##### SUPPLIED DATA #####
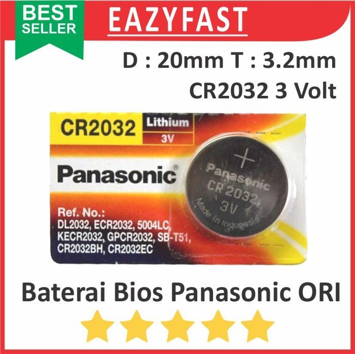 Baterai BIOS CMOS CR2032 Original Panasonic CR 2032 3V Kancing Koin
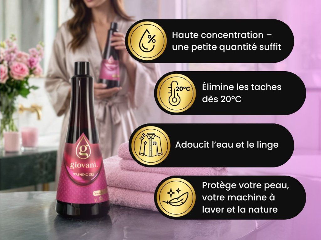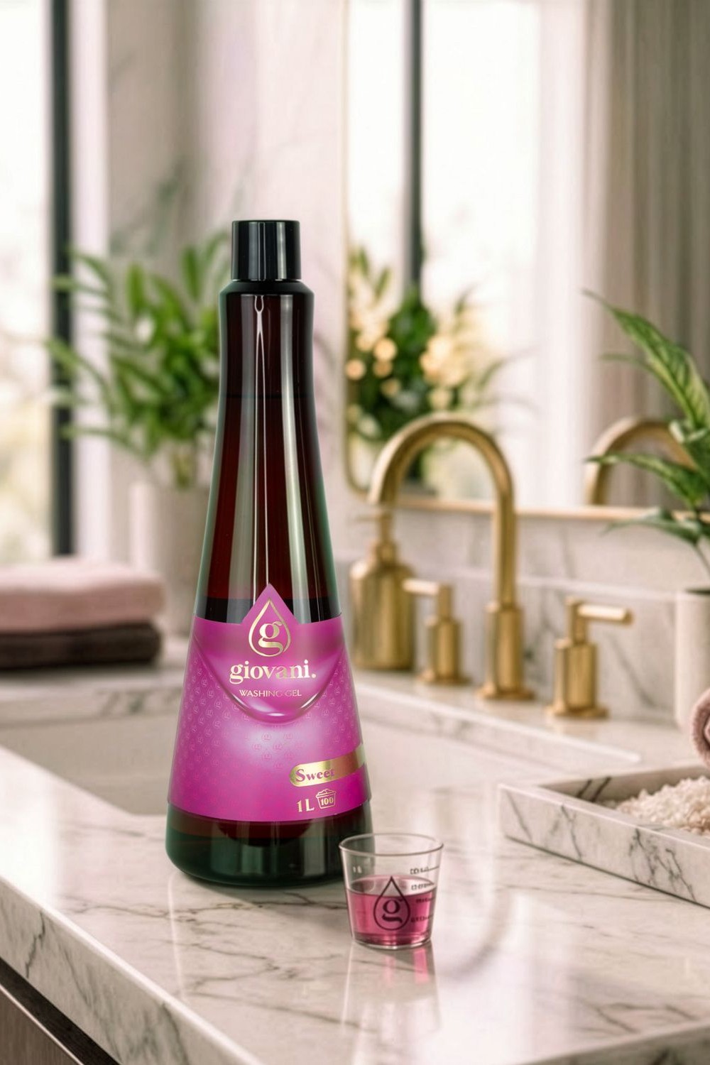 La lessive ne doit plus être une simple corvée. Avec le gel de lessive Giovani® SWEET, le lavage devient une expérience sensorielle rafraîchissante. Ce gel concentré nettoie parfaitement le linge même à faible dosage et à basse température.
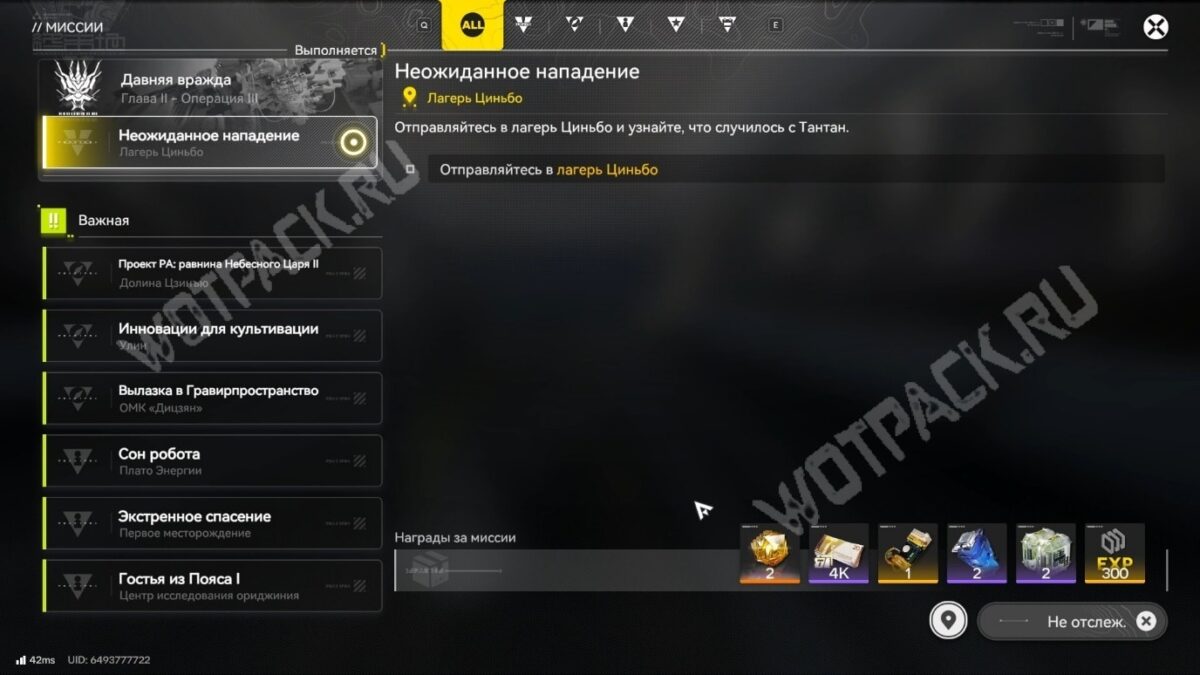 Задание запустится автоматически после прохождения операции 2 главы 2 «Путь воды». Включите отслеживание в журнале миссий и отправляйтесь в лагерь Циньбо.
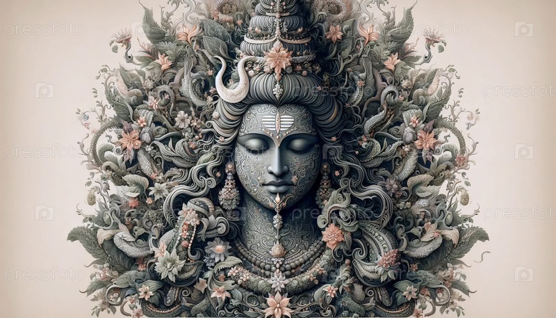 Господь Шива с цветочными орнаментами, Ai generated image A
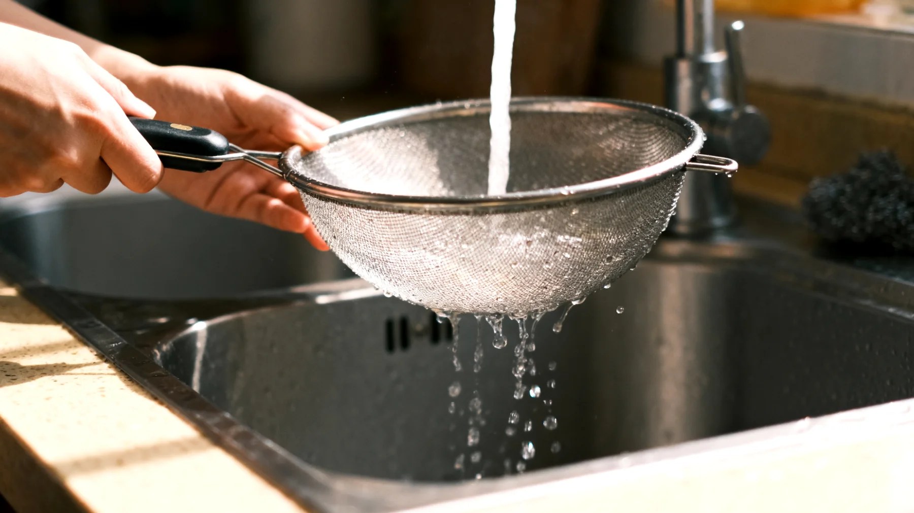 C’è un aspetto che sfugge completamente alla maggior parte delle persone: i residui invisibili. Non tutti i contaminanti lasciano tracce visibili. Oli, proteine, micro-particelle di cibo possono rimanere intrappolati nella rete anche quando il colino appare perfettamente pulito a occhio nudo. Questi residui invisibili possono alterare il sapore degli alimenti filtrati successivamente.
#####
== WORK ORDER ==
All that is needed is an exact copy of the lines from the top of the entries through the line containing "Господь Шива с", pictures left out.

== REPLY TO THE TASK ==
 Baterai BIOS CMOS CR2032 Original Panasonic CR 2032 3V Kancing Koin
 La lessive ne doit plus être une simple corvée. Avec le gel de lessive Giovani® SWEET, le lavage devient une expérience sensorielle rafraîchissante. Ce gel concentré nettoie parfaitement le linge même à faible dosage et à basse température.
 Задание запустится автоматически после прохождения операции 2 главы 2 «Путь воды». Включите отслеживание в журнале миссий и отправляйтесь в лагерь Циньбо.
 Господь Шива с цветочными орнаментами, Ai generated image A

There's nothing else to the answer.